- _DATA_
========================================

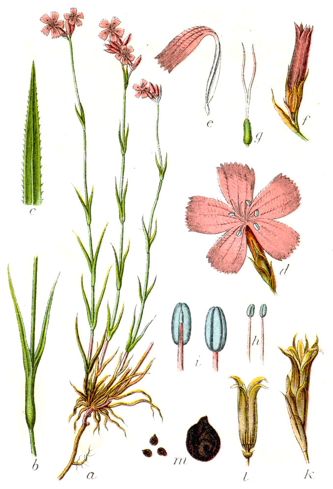 Dianthus carthusianorum L. subsp. carthusianorum, syn. Silene carthusianorum E.H.L.Krause Original Caption Karthäuser-Nelke, Silene carthusianorum
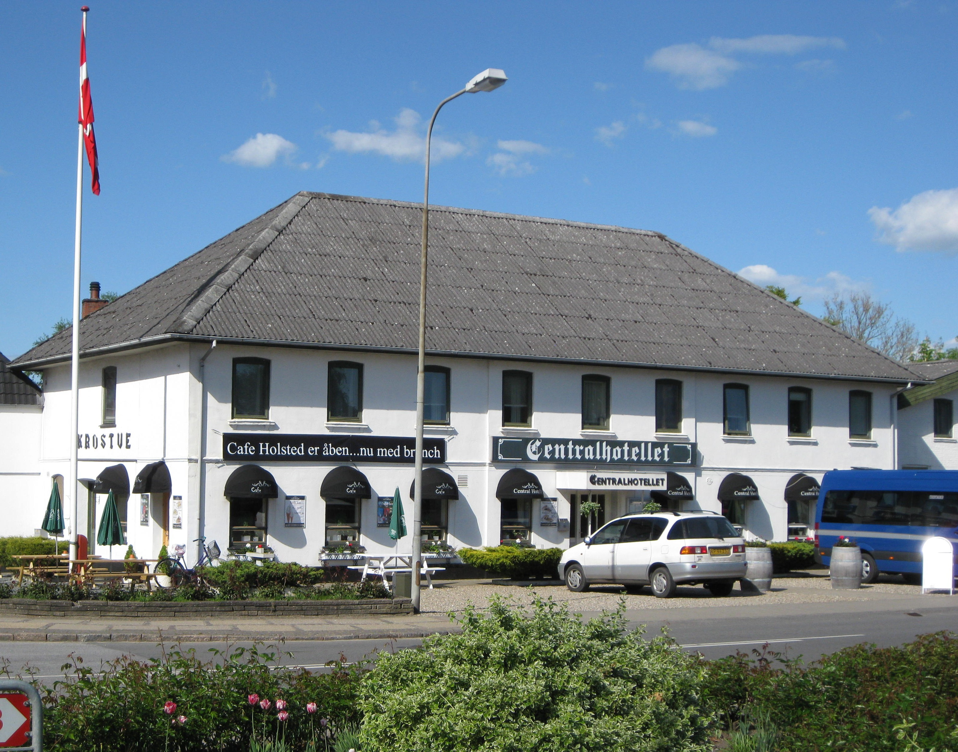 The hotel "Centralhotellet" in the small town "Holsted". The town is located in Vejen Kommune, South-Central Jutland, Denmark.
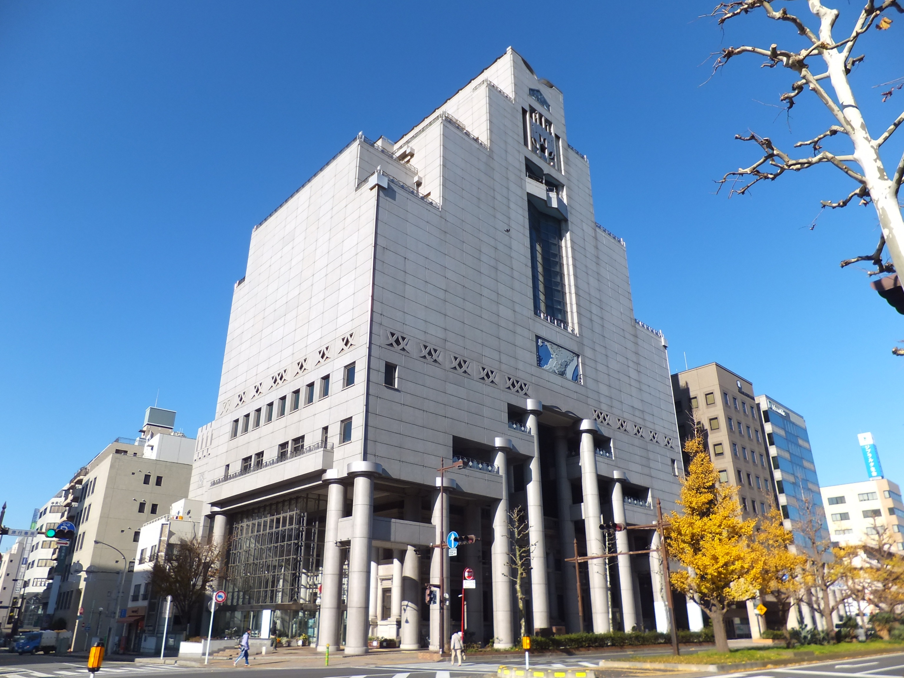 Chūō ward office in Chiba city. This architecture has been set up as Chiba city art museum.

========================================

- _WHAT YOU SHOULD DO_
Please give back every line above exactly as it stands, without pictures.

- _COMPLETED TASK_
 Dianthus carthusianorum L. subsp. carthusianorum, syn. Silene carthusianorum E.H.L.Krause Original Caption Karthäuser-Nelke, Silene carthusianorum
 The hotel "Centralhotellet" in the small town "Holsted". The town is located in Vejen Kommune, South-Central Jutland, Denmark.
 Chūō ward office in Chiba city. This architecture has been set up as Chiba city art museum.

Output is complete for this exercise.